Information below:

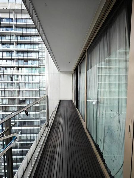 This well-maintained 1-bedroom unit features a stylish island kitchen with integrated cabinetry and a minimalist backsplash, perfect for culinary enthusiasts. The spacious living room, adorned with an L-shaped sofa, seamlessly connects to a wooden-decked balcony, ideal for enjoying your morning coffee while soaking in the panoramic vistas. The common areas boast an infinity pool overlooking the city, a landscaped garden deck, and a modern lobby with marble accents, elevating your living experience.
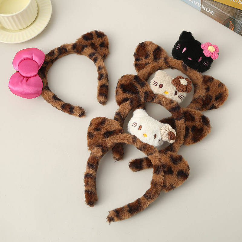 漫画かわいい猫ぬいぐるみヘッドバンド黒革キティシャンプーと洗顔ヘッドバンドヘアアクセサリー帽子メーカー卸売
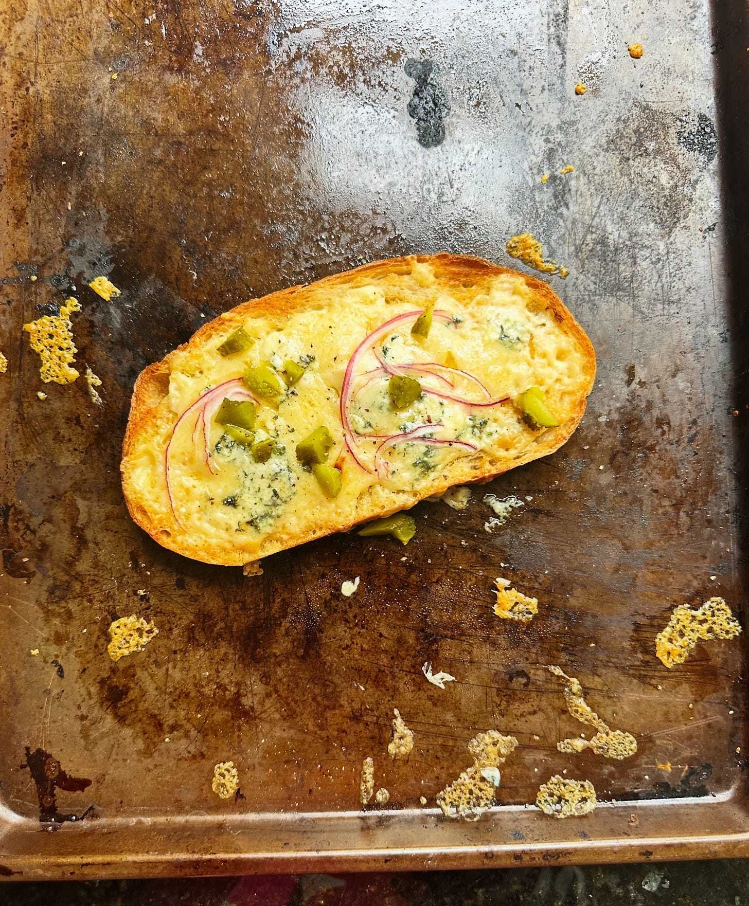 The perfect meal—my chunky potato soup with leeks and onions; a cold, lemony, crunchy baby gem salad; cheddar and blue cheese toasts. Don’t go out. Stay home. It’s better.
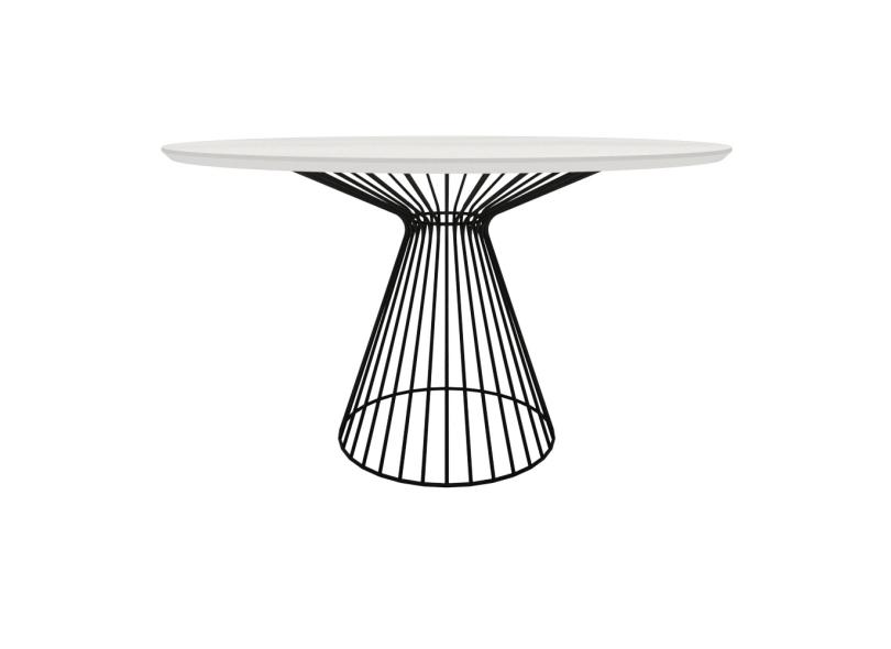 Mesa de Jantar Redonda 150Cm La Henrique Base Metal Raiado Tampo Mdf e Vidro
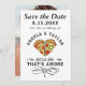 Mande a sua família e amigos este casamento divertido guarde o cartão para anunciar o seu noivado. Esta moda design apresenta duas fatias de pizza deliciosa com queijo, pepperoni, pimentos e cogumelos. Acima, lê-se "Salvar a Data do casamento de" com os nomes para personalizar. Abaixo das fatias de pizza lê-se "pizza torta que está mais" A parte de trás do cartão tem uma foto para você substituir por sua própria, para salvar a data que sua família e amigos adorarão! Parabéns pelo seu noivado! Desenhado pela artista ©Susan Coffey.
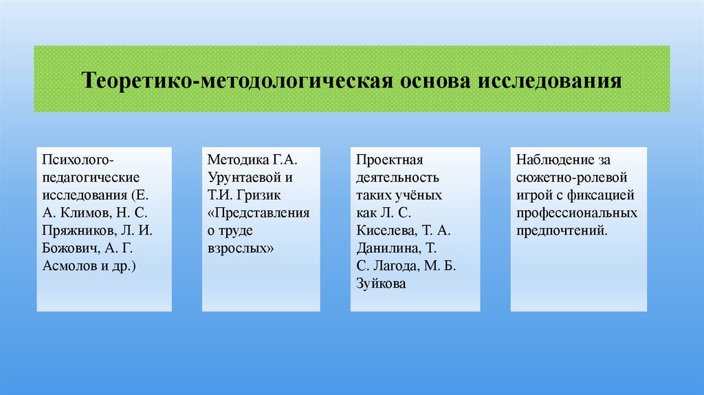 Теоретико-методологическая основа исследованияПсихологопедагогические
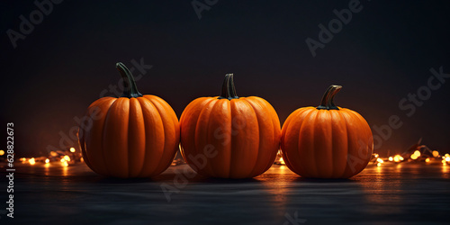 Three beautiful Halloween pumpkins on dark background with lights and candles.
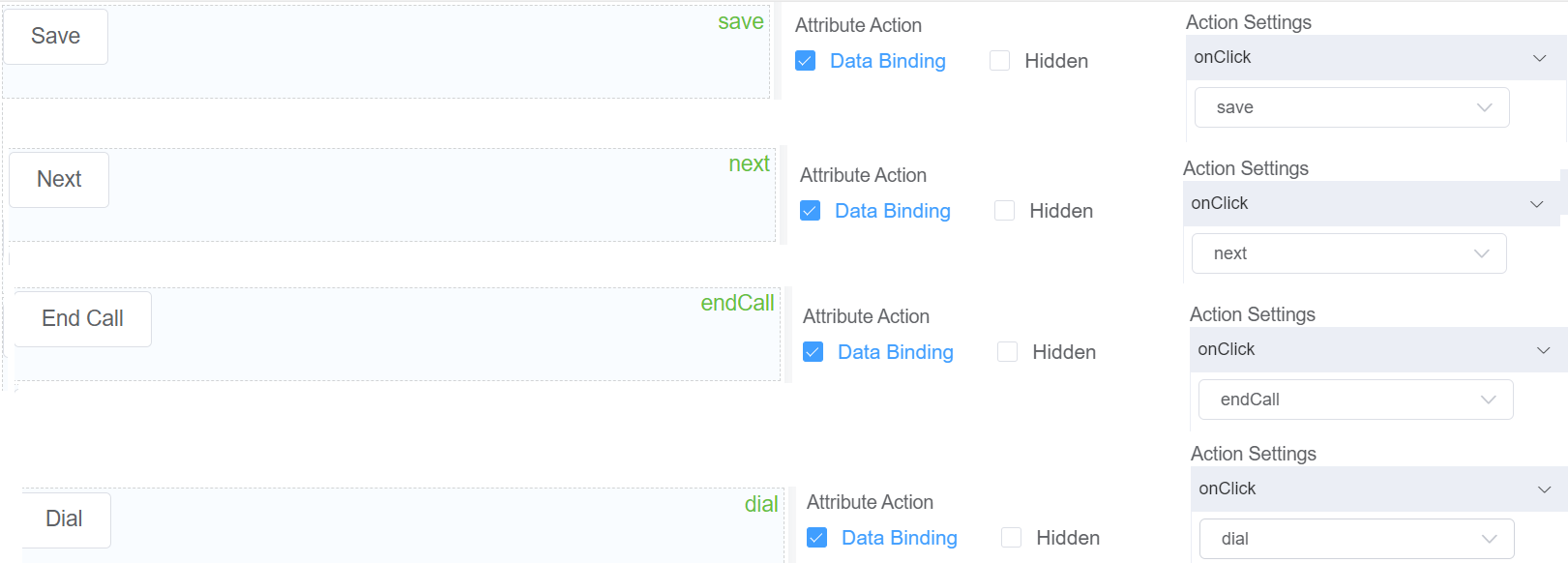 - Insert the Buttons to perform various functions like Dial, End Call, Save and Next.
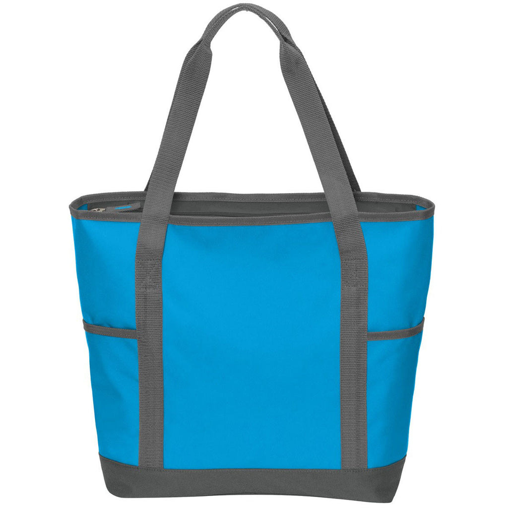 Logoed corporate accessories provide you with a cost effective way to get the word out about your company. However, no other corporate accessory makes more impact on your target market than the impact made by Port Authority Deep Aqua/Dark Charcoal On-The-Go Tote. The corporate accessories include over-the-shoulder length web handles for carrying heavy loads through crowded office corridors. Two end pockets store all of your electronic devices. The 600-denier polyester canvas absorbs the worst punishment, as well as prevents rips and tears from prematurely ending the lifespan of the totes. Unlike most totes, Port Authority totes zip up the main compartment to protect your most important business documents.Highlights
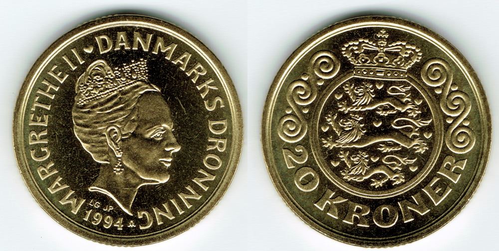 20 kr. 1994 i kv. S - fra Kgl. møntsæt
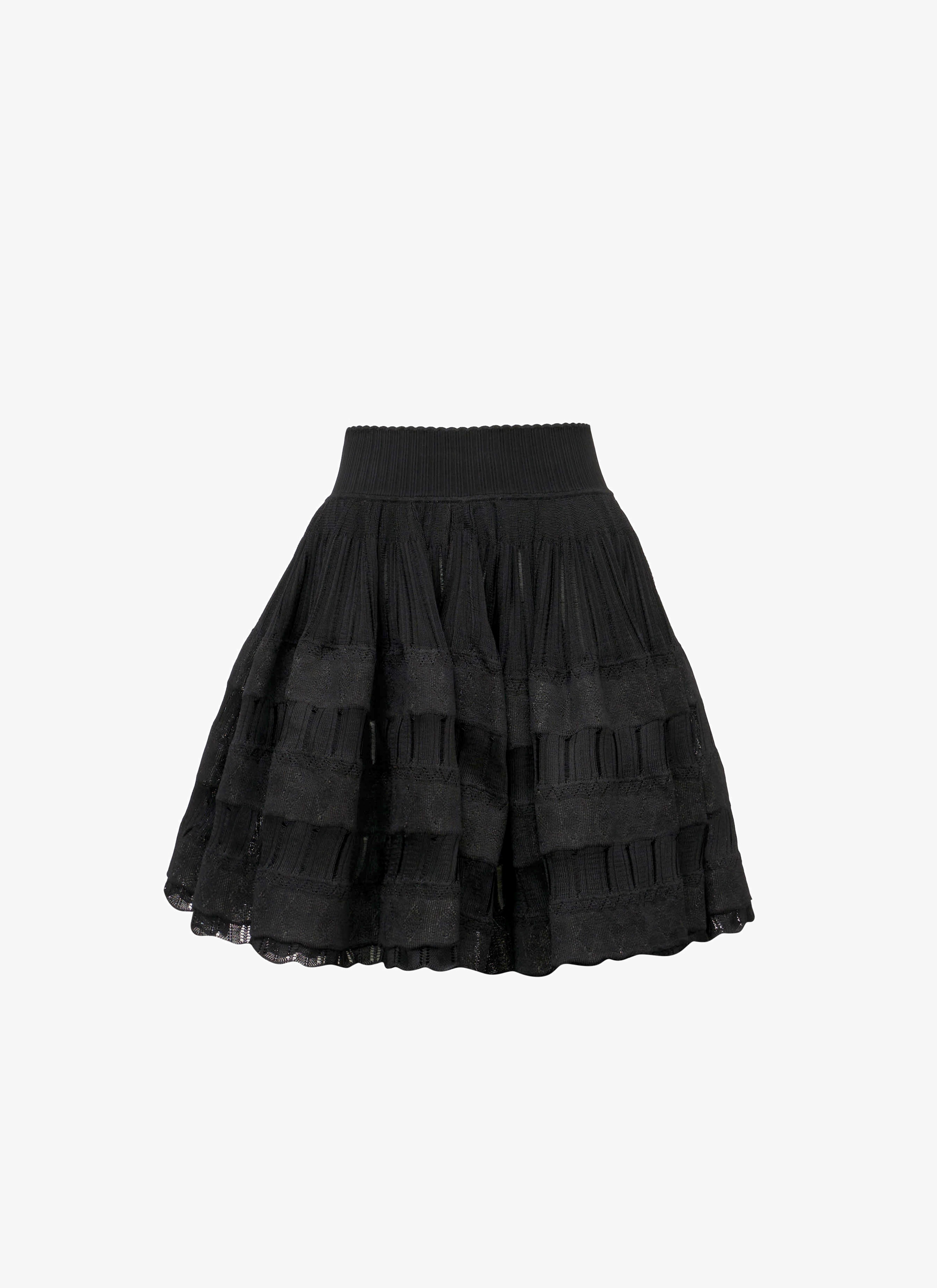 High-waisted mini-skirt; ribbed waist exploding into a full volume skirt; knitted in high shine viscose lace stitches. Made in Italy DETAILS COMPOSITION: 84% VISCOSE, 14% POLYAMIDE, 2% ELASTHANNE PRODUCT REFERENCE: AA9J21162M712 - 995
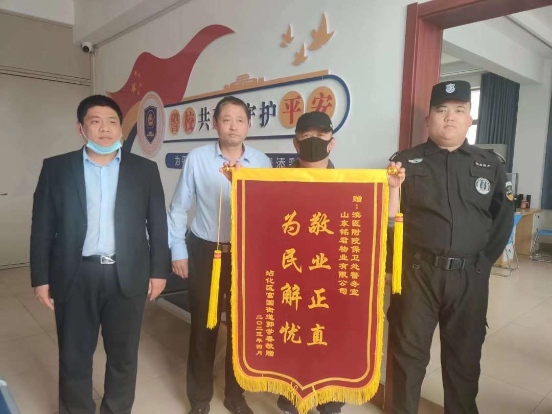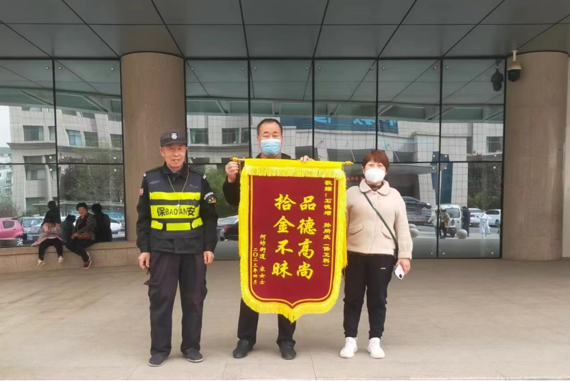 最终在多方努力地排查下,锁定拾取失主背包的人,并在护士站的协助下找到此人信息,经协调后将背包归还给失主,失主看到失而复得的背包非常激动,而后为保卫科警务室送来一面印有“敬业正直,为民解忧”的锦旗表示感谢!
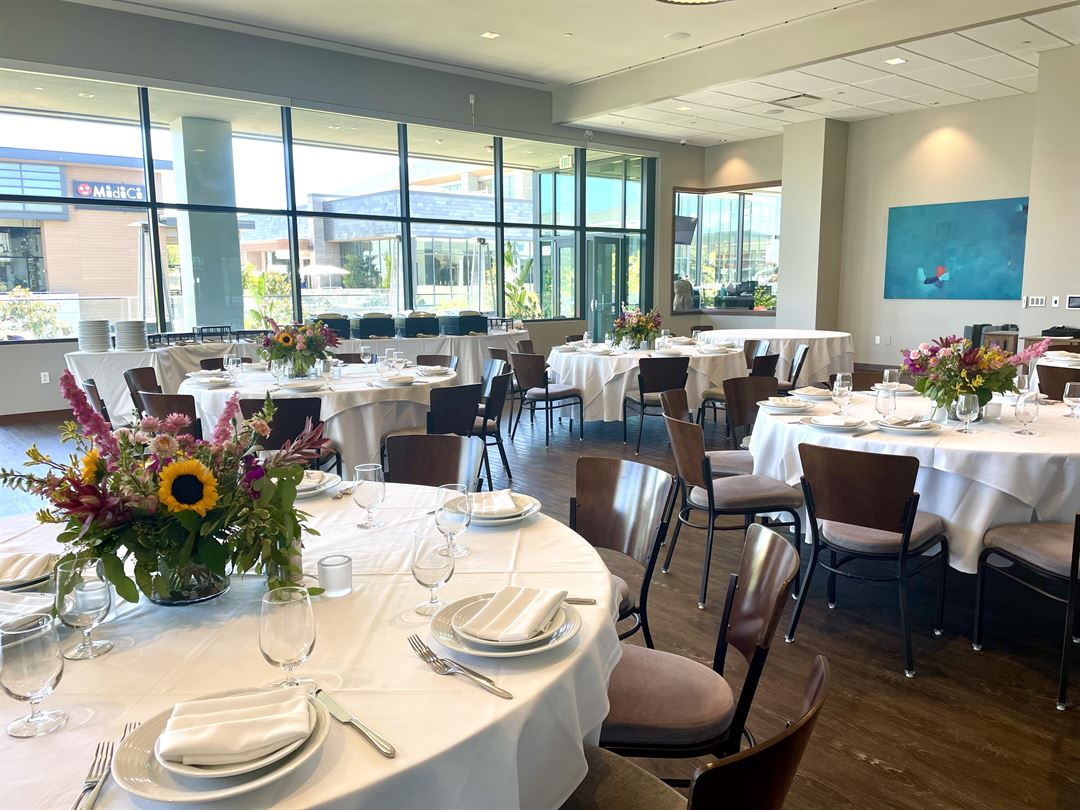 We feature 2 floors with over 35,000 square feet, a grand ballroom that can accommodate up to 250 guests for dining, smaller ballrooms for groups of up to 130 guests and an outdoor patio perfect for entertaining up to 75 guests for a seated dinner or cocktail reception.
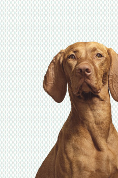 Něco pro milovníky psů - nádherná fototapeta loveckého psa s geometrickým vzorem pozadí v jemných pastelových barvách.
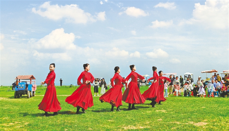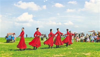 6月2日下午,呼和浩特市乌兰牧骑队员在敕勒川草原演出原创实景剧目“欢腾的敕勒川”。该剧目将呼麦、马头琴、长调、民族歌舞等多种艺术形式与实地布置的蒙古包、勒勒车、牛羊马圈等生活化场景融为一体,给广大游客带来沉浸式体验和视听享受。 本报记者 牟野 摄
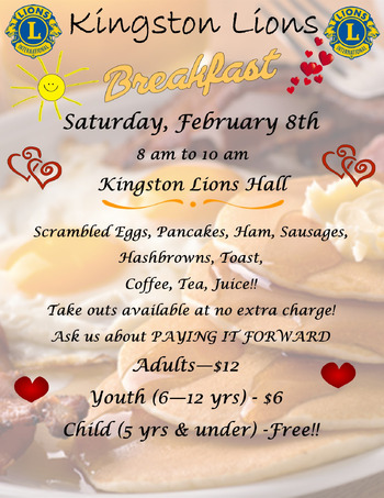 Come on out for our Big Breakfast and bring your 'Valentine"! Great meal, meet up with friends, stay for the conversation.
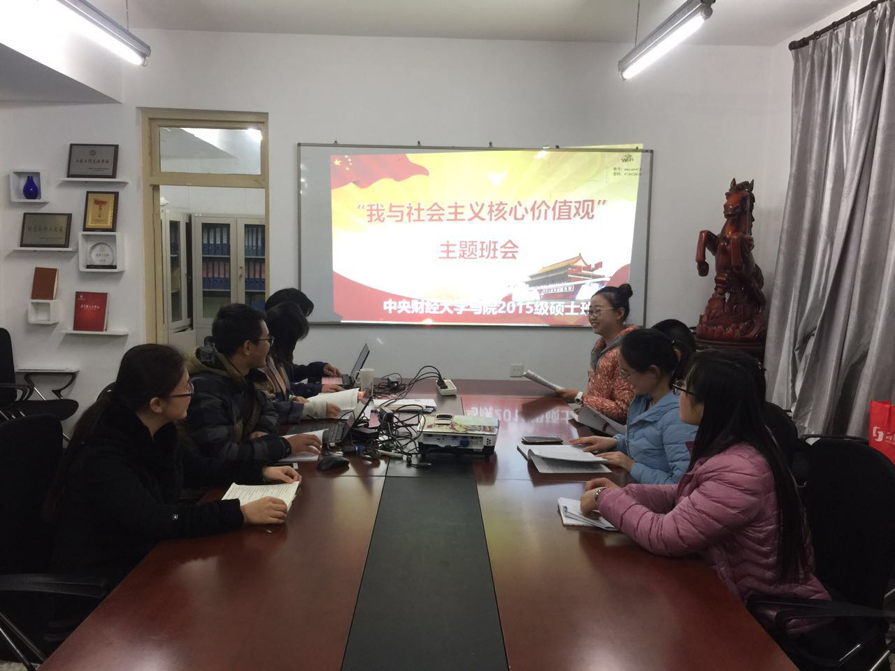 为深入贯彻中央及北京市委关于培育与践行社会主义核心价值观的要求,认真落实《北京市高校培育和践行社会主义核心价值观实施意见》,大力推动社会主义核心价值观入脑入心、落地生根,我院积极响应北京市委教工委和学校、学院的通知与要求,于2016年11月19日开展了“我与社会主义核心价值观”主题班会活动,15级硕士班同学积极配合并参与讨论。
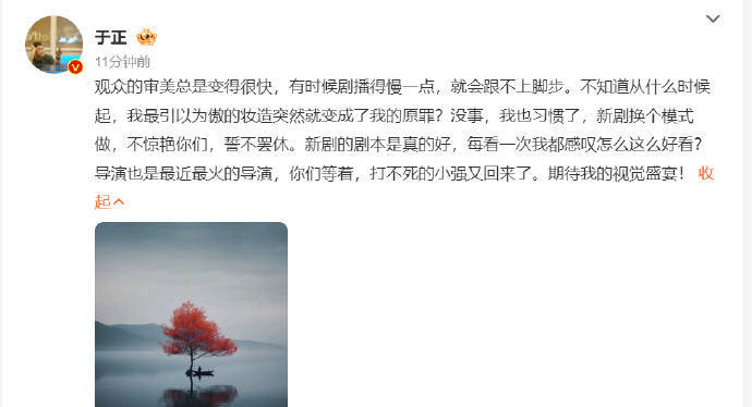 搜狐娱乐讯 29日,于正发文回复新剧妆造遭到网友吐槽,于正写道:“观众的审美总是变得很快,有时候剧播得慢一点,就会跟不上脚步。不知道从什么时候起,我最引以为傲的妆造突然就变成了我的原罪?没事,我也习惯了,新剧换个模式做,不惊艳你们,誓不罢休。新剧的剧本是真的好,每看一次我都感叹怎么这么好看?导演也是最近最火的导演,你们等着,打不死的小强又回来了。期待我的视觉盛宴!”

End of Information.

- **How to complete this task**: Looking above, find the stretch of lines that opens with the one holding "Logoed corporate accessories" and closes with the one holding "20 kr. 1994 i kv. S - fra Kgl. møntsæt". Copy it exactly, pictures excluded.

- **Answer space**:
 Logoed corporate accessories provide you with a cost effective way to get the word out about your company. However, no other corporate accessory makes more impact on your target market than the impact made by Port Authority Deep Aqua/Dark Charcoal On-The-Go Tote. The corporate accessories include over-the-shoulder length web handles for carrying heavy loads through crowded office corridors. Two end pockets store all of your electronic devices. The 600-denier polyester canvas absorbs the worst punishment, as well as prevents rips and tears from prematurely ending the lifespan of the totes. Unlike most totes, Port Authority totes zip up the main compartment to protect your most important business documents.Highlights
 20 kr. 1994 i kv. S - fra Kgl. møntsæt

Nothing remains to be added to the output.